Records for this exercise Start Marker
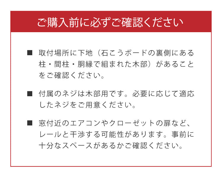 取り付けの際は必ずネジが効く下地があることをご確認ください。下地がない場所への取り付けは落下の恐れがあります。
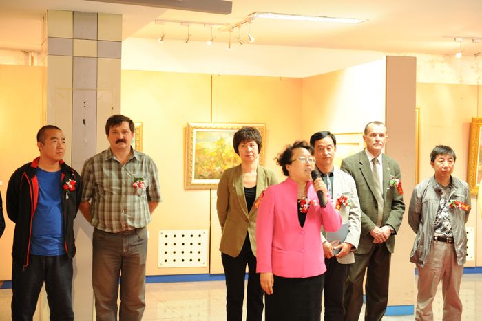 开幕式上,副院长杨宏致辞,她说,美术作品创作是艺术家精心构思,辛苦耕耘的智慧劳动结晶。艺术作品展现了作者的艺术精神世界,风格即人,从艺术创作中我们看到了艺术家超越自我,勇于创造的精神。杨副院长强调,中俄两国人民的友谊源远流长,两国艺术家的友谊在艺术作品交流中得以升华,此次展出的艺术作品是两名艺术创作者多年来艺术教学创作积淀的成果,并希望以这次展览为契机,利用美术系优秀平台,进一步促进中俄艺术文化交流。随后,戚主任讲话,他说,美术系绘画专业现属省级重点专业,国家级特色专业,是我系重点建设专业。历年来,绘画专业师生中优秀人才辈出,曾多次代表学院荣获国家级奖项、参与大型国际艺术展览交流,大大提升了我院在国际间的影响力。本次画展得到了黑河市美协、俄罗斯阿穆尔州美协及社会各界人士的支持与关注,黑河市公安局副局长栾德瑞、黑河瑷珲历史陈列馆馆长陈会学、黑河博物馆办公室主任及部分企业人士出席了此次画展开幕。
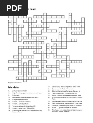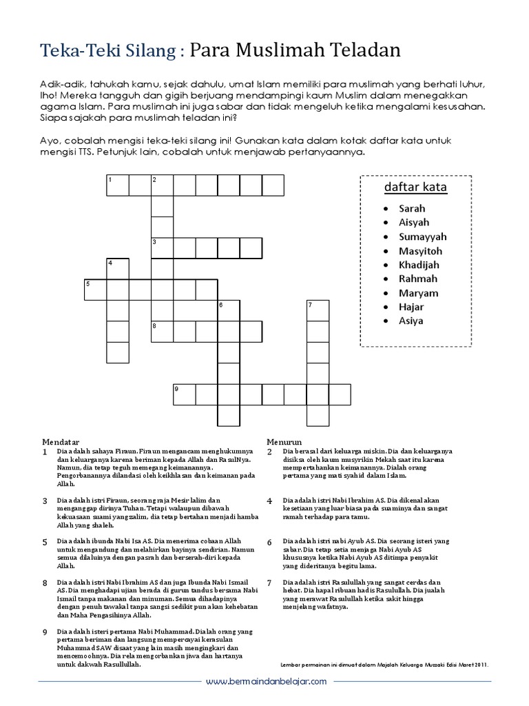 Masukkan juga jumlah kata dan atau huruf yang sudah diketahui untuk mendapatkan hasil yang lebih akurat. Many benefits gained from playing crossword puzzle (tts) not only fill in spare time, playing crossword puzzle can also sharpen our memories or prevent our senility. Tts islami merupakan game teka teki silang yang khusus untuk mengasah otak tentang keislaman. Sistem kami menemukan 25 jawaban utk pertanyaan tts kerajaan islam. With the ambition to enhance and deepen the understanding of islam and strengthen the relationship with allah ta'ala.
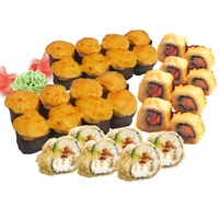 Состав: ЗАПЕЧЕННЫЙ С КУРИЦЕЙ, ЗАПЕЧЕННЫЙ С КРАБОМ, КАМУИ, КАТАНА (васаби 10 гр, имбирь 30 гр, соевый соус 60 гр, 2 палочки) (32 кусочка)
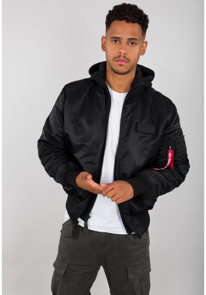 Bunda MA-1 v moderním provedení s látkovou kapucí, která má na zadní straně logo Alpha Industries a nápis nápis Alpha Indsutries na zadní straně umístěný vertikálně. - odnímatelná kapuce - kontrastní potisk zadní straně bundy - kapsa utility na levém rukávu včetně visačky RBF Regular Fit Materiál: vnější látka: 100% nylon vnitřní látka: 100% nylon vnitřní výplň: 100% polyester kapuce: 75% bavlna, ...
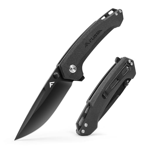 FLISSA フォールディングナイフ 折りたたみナイフ アウトドアナイフ D2鋼ブレード G10ハンドル ポケットナイフ 登山 キャンプ トレッキング 釣り 家庭用 DIY用 防災用 全長約19.8cmブラック
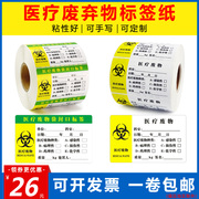 医疗废物袋封口标签通用版不干胶医院废弃物垃圾标识贴医用垃圾袋警示标志封口贴黄色手写标贴1000张订制包邮
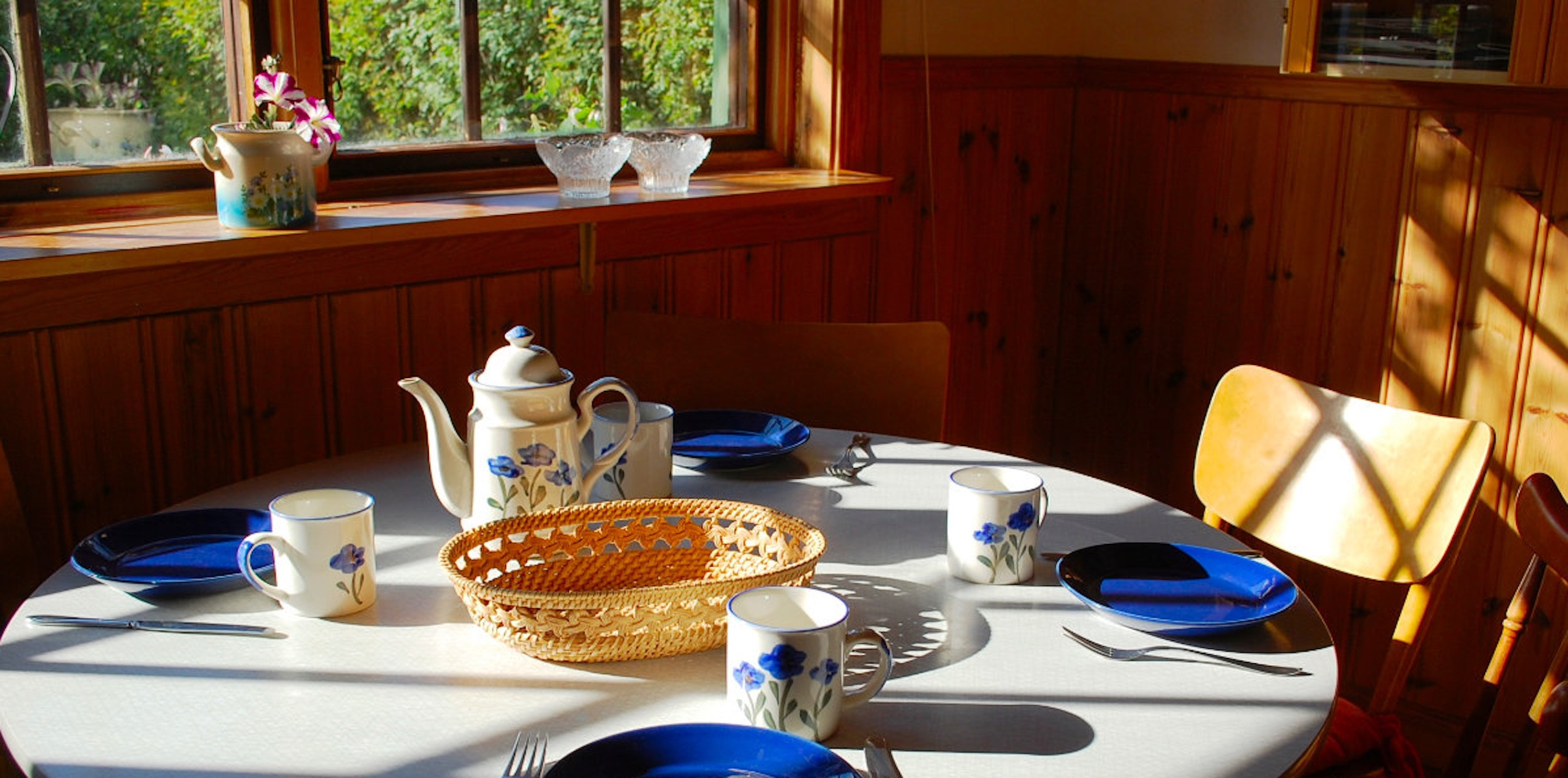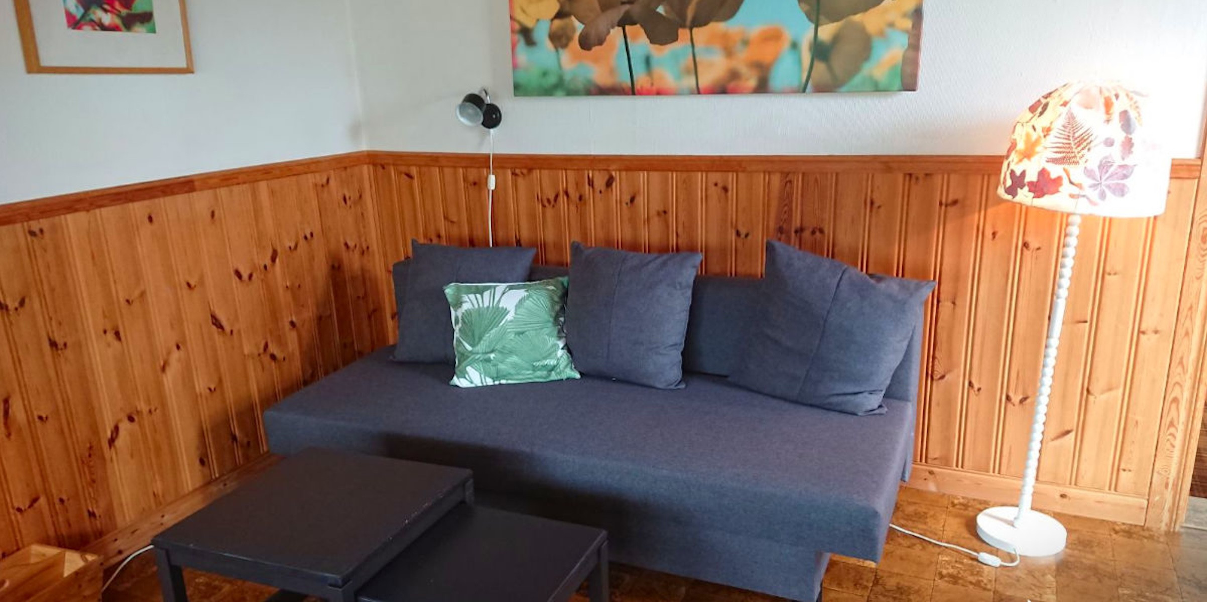 Vardagsrummet med kök är fullt utrustat med elektrisk spis, kylskåp, kaffebryggare och mikro. En fin matplats med utsikt över trädgården kompletterar vardagsrummet. Bäddsoffan (130 cm) ger sovplats för 2 pers/barn.
Records for this exercise End Marker
# Your task
Restate the records above word for word, without the pictures.

# Solution to this task
 取り付けの際は必ずネジが効く下地があることをご確認ください。下地がない場所への取り付けは落下の恐れがあります。
 开幕式上,副院长杨宏致辞,她说,美术作品创作是艺术家精心构思,辛苦耕耘的智慧劳动结晶。艺术作品展现了作者的艺术精神世界,风格即人,从艺术创作中我们看到了艺术家超越自我,勇于创造的精神。杨副院长强调,中俄两国人民的友谊源远流长,两国艺术家的友谊在艺术作品交流中得以升华,此次展出的艺术作品是两名艺术创作者多年来艺术教学创作积淀的成果,并希望以这次展览为契机,利用美术系优秀平台,进一步促进中俄艺术文化交流。随后,戚主任讲话,他说,美术系绘画专业现属省级重点专业,国家级特色专业,是我系重点建设专业。历年来,绘画专业师生中优秀人才辈出,曾多次代表学院荣获国家级奖项、参与大型国际艺术展览交流,大大提升了我院在国际间的影响力。本次画展得到了黑河市美协、俄罗斯阿穆尔州美协及社会各界人士的支持与关注,黑河市公安局副局长栾德瑞、黑河瑷珲历史陈列馆馆长陈会学、黑河博物馆办公室主任及部分企业人士出席了此次画展开幕。
 Masukkan juga jumlah kata dan atau huruf yang sudah diketahui untuk mendapatkan hasil yang lebih akurat. Many benefits gained from playing crossword puzzle (tts) not only fill in spare time, playing crossword puzzle can also sharpen our memories or prevent our senility. Tts islami merupakan game teka teki silang yang khusus untuk mengasah otak tentang keislaman. Sistem kami menemukan 25 jawaban utk pertanyaan tts kerajaan islam. With the ambition to enhance and deepen the understanding of islam and strengthen the relationship with allah ta'ala.
 Состав: ЗАПЕЧЕННЫЙ С КУРИЦЕЙ, ЗАПЕЧЕННЫЙ С КРАБОМ, КАМУИ, КАТАНА (васаби 10 гр, имбирь 30 гр, соевый соус 60 гр, 2 палочки) (32 кусочка)
 Bunda MA-1 v moderním provedení s látkovou kapucí, která má na zadní straně logo Alpha Industries a nápis nápis Alpha Indsutries na zadní straně umístěný vertikálně. - odnímatelná kapuce - kontrastní potisk zadní straně bundy - kapsa utility na levém rukávu včetně visačky RBF Regular Fit Materiál: vnější látka: 100% nylon vnitřní látka: 100% nylon vnitřní výplň: 100% polyester kapuce: 75% bavlna, ...
 FLISSA フォールディングナイフ 折りたたみナイフ アウトドアナイフ D2鋼ブレード G10ハンドル ポケットナイフ 登山 キャンプ トレッキング 釣り 家庭用 DIY用 防災用 全長約19.8cmブラック
 医疗废物袋封口标签通用版不干胶医院废弃物垃圾标识贴医用垃圾袋警示标志封口贴黄色手写标贴1000张订制包邮
 Vardagsrummet med kök är fullt utrustat med elektrisk spis, kylskåp, kaffebryggare och mikro. En fin matplats med utsikt över trädgården kompletterar vardagsrummet. Bäddsoffan (130 cm) ger sovplats för 2 pers/barn.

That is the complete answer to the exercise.